··· Data listing

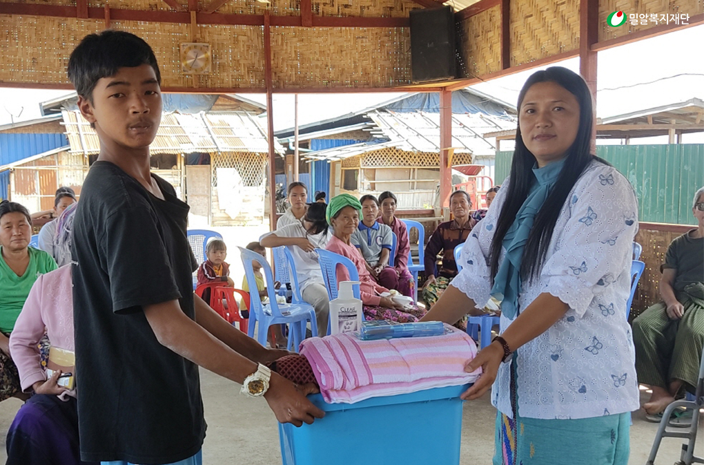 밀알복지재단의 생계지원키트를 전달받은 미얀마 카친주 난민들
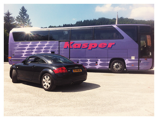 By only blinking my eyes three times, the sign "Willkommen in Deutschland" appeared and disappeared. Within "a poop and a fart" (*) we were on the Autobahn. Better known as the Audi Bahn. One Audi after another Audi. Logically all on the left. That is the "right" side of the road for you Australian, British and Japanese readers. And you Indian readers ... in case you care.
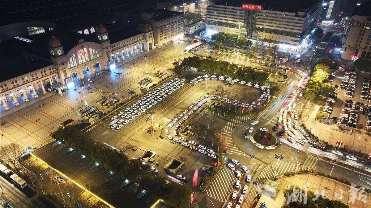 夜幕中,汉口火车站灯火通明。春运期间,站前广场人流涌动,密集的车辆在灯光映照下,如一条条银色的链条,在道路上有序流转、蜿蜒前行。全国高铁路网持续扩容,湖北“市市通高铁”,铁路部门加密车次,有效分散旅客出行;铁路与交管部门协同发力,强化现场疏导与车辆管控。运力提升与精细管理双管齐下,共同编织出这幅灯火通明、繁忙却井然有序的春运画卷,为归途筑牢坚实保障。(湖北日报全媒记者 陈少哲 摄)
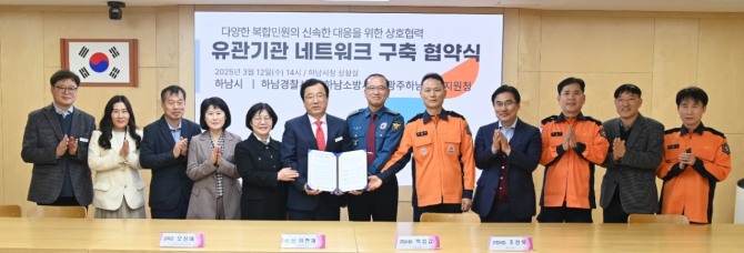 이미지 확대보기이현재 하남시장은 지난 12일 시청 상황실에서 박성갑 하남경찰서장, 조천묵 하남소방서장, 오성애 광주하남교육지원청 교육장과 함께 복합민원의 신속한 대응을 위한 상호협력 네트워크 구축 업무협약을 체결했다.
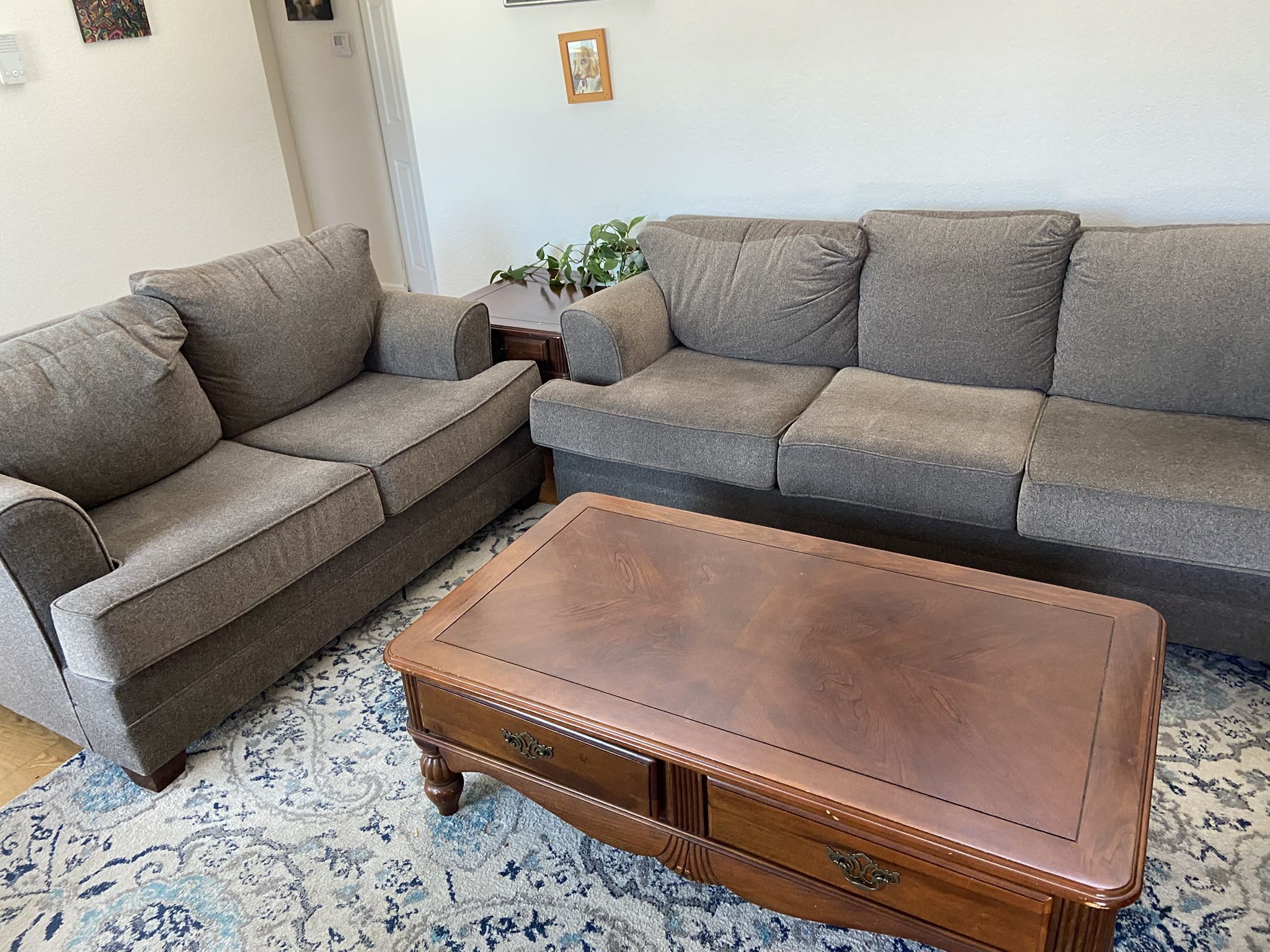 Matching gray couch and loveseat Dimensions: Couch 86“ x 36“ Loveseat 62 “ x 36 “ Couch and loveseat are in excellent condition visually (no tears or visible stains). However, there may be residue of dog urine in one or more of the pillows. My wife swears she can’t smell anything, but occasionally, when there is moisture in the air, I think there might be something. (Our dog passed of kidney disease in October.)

······
··· Data listing

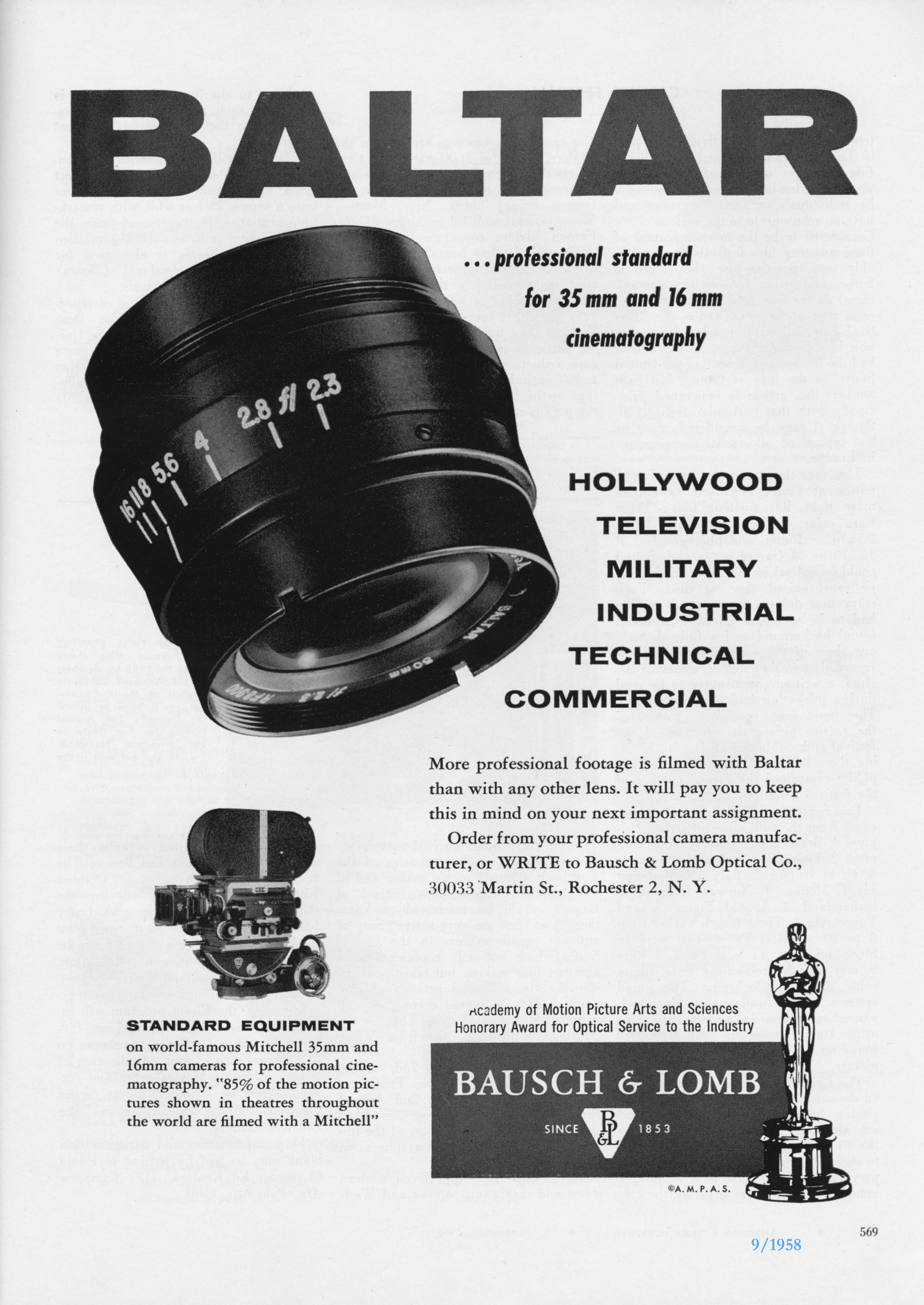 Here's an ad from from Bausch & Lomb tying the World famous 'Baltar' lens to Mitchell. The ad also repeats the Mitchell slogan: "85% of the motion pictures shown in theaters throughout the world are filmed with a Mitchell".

······

■ **Task brief**
Give back, exactly and without pictures, the stretch of the records above from the line containing "밀알복지재단의 생계지원키트를 전달받은 미얀마 카친주 난민들" through the line containing "By only blinking", with both end lines included.

■ **Answer area**
 밀알복지재단의 생계지원키트를 전달받은 미얀마 카친주 난민들
 By only blinking my eyes three times, the sign "Willkommen in Deutschland" appeared and disappeared. Within "a poop and a fart" (*) we were on the Autobahn. Better known as the Audi Bahn. One Audi after another Audi. Logically all on the left. That is the "right" side of the road for you Australian, British and Japanese readers. And you Indian readers ... in case you care.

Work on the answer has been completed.